COVID-overwhelmed Indian hospitals are growing as beds and oxygen remain short

NEW DELHI (Reuters) – Many Indian hospitals were battling beds and oxygen as COVID-19 infections hit a new daily high on Thursday, with a second wave of infections focusing on the rich western state of Maharashtra.

The total number of infections in India is second only to the United States, with experts accusing them of everything from official satisfaction to aggressive variants. The government blamed the failure to practice physical distance.

The country has produced oxygen at full capacity for each of the last two days, but will have to focus on imports, with the health ministry saying it intends to import 50,000 metric tons.

“The situation is horrible,” said Avinash Gawande, an official at a government hospital in the industrial city of Nagpur, which is battling a flood of patients, as are hospitals in neighboring Gujarat and northern New Delhi.

“We are a 900-bed hospital, but there are about 60 patients waiting and we don’t have room for them.”

Maharashtra, home to the financial capital of Mumbai, began a blockade at midnight on Wednesday, a move that prompted a rush to store essential items in advance. The state, the country’s most industrial, was hardest hit by the pandemic.

At Lok Nayak Jai Prakash Narayan Hospital (LNJP) in New Delhi, the largest unit in the country that treats patients with COVID-19, two or three patients were seen dividing individual beds in some wards, a Reuters witness said.

COVID-positive patients – from a one-and-a-half-year-old child to many elderly people – and their relatives continued to drive to the LNJP emergency department, arriving by ambulance, car or car throughout the day.

“Also, last year we didn’t see such a bad situation. This time the number is very high and growing very fast, going (at a very high speed), so the situation is really alarming,” said the medical director of LNJP, Suresh Kumar.

“We are definitely overworked … Today we have 158 hospitalizations in Lok Nayak alone. All sick patients, all severe patients,” Kumar added.

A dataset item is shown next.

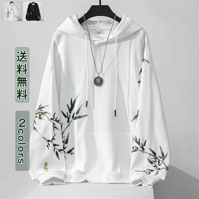 竹 刺繍 裏起毛パーカー ゆったり オールシーズン ポケット付き ゴム袖 体型カバー フード付き スポーツウェア 学生 大人 カップル ペアルック 大人気 おしゃれ 送料無料
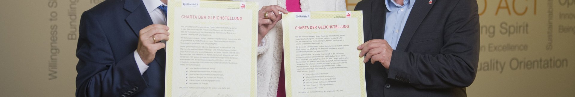 Hannover, 20. September 2016. Mit der Unterzeichnung der „Charta der Gleichstellung“ hat sich das Technologieunternehmen Continental am 20. September 2016 erneut öffentlich zu Vielfalt, Fairness und Respekt im Umgang mit Mitarbeitern bekannt. Die Ziele der Charta decken sich mit den von Continental seit Jahren bearbeiteten, zentralen Handlungsfeldern. Einige davon sind in der Tarifbindung festgeschrieben. Dazu zählen Entgeltgleichheit, existenzsichernde Arbeitsplätze und gleiche berufliche Entwicklungschancen für Frauen und Männer sowie Arbeitszeiten, die sich an Lebensphasen orientieren. Continental bietet durch unterschiedliche Arbeitsformen zusätzliche Möglichkeiten der Arbeitsgestaltung, wie zum Beispiel durch das Einrichten von mobilem Arbeiten, Home Office oder Langzeitkonten. Diese Modelle baut Continental weiter aus.

India added 200,739 infections in the last 24 hours, according to the Ministry of Health, for a seventh daily record in the last eight days, while 1,038 deaths took effect at 173,123.

Despite injecting the third largest dose of vaccines in the world, India has covered only a small part of 1.4 billion people.

India said on Thursday that regulators will decide on emergency applications for foreign COVID-19 vaccines within three business days. India’s ambassador to Moscow said deliveries of Russia’s Sputnik V coronavirus vaccine to India should begin before the end of April, TASS news agency reported.

CURVES ORDERED IN THE NEW DELHI

In New Delhi, authorities ordered a firefight over the weekend, placing curbs on malls, gyms, restaurants and some weekly markets.

Outside a major city grave, weeping relatives gathered under the hot sun, waiting for the bodies of their loved ones to be released.

Forty-year-old Prashant Mehra said he had to pay a broker for preferential treatment before he could admit his 90-year-old grandfather to an overcrowded government hospital.

“He died after six or seven hours,” he said.

Oxygen supplies have fallen in places like Gujarat, the home state of Prime Minister Narendra Modi.

“If such conditions persist, the death toll will rise,” the head of a medical corps in the industrial city of Ahmedabad said in a letter to his chief minister.

Reliance Industries, billionaire Mukesh Ambani, will supply 100 metric tons of additional oxygen to Maharashtra, a state minister said.

In the northern city of Haridwar, hundreds of thousands of pilgrims flocked to a Hindu religious festival on the banks of the Ganges on Wednesday, sparking fears of a new wave.